Tindakan-tindakan yang secara khusus disebutkan adalah (i) memberi makan orang-orang yang lapar, (ii) memberi minum mereka yang haus, (iii) memberi pakaian orang-orang yang telanjang, (iv) memberikan tumpangan kepada orang yang gelandangan, (v) mengunjungi orang-orang yang berada di penjara dan (vi) merawat orang-orang sakit. Dengan menambahkan (vii) menguburkan orang mati, kita temukan tujuh tindakan yang secara tradisional dipandang sebagai tindakan cinta kasih. Pengadilan terakhir untuk menentukan apakah kita sungguh orang kristiani sejati atau tidak, apakah kita termasuk warga kerajaan Kristus atau bukan, akan didasarkan pada pelaksanaan 7 tindakan cinta kasih ini. Inilah kewajiban kristiani kita yang pertama baik kepada kita orang-orang percaya secara  pribadi maupun sebagai keluarga atau kelompok.

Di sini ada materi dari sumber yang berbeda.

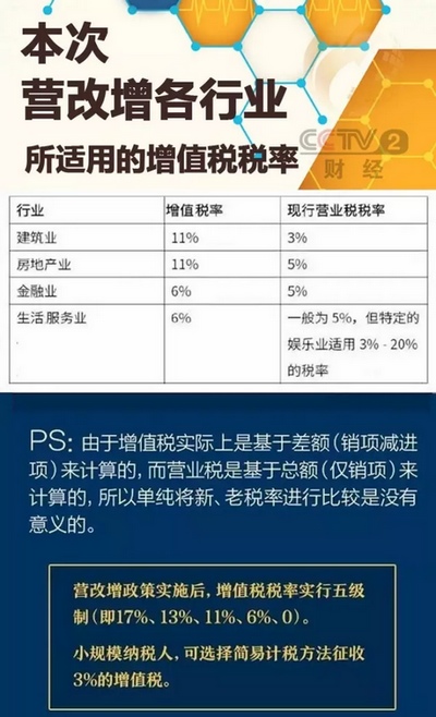 5月1日“營(yíng)改增”全面推開,建筑業(yè)、房地產(chǎn)業(yè)、金融業(yè)、生活服務(wù)業(yè)將告別營(yíng)業(yè)稅。這項(xiàng)看起來“高大上”的改革,涉及近千萬(wàn)戶新納稅人、全年減稅超5000億元。營(yíng)業(yè)稅退出歷史,你我能獲多大好處?

Kabar gembira yang kita rayakan hari ini adalah bahwa kita memiliki seorang raja, yang tidak seperti raja-raja dunia ini, yang peduli kepada kita dan membantu kita bukan hanya ketika kita sedang membutuhkan dan tidak beruntung, tetapi terutama ketika kita sedang membutuhkan dan berada dalam situasi tidak beruntung. Tantangan kita saat ini adalah untuk melupakan kebutuhan kita sendiri akan cinta dan kebahagiaan dan untuk meraih cinta yang membahagiakan orang lain yang mungkin sedang berada di dalam kebutuhan yang lebih besar daripada kita. Karena apa pun yang kita lakukan untuk salah seorang yang terkecil dari antara anak-anak Allah yang sedang membutuhkan ini, kepada salah seorang dari antara saudara-saudari Yesus ini, kita melakukannya untuk Yesus sendiri. Marilah kita merenungkan hal ini selama masa Adven yang segera akan kita masuki.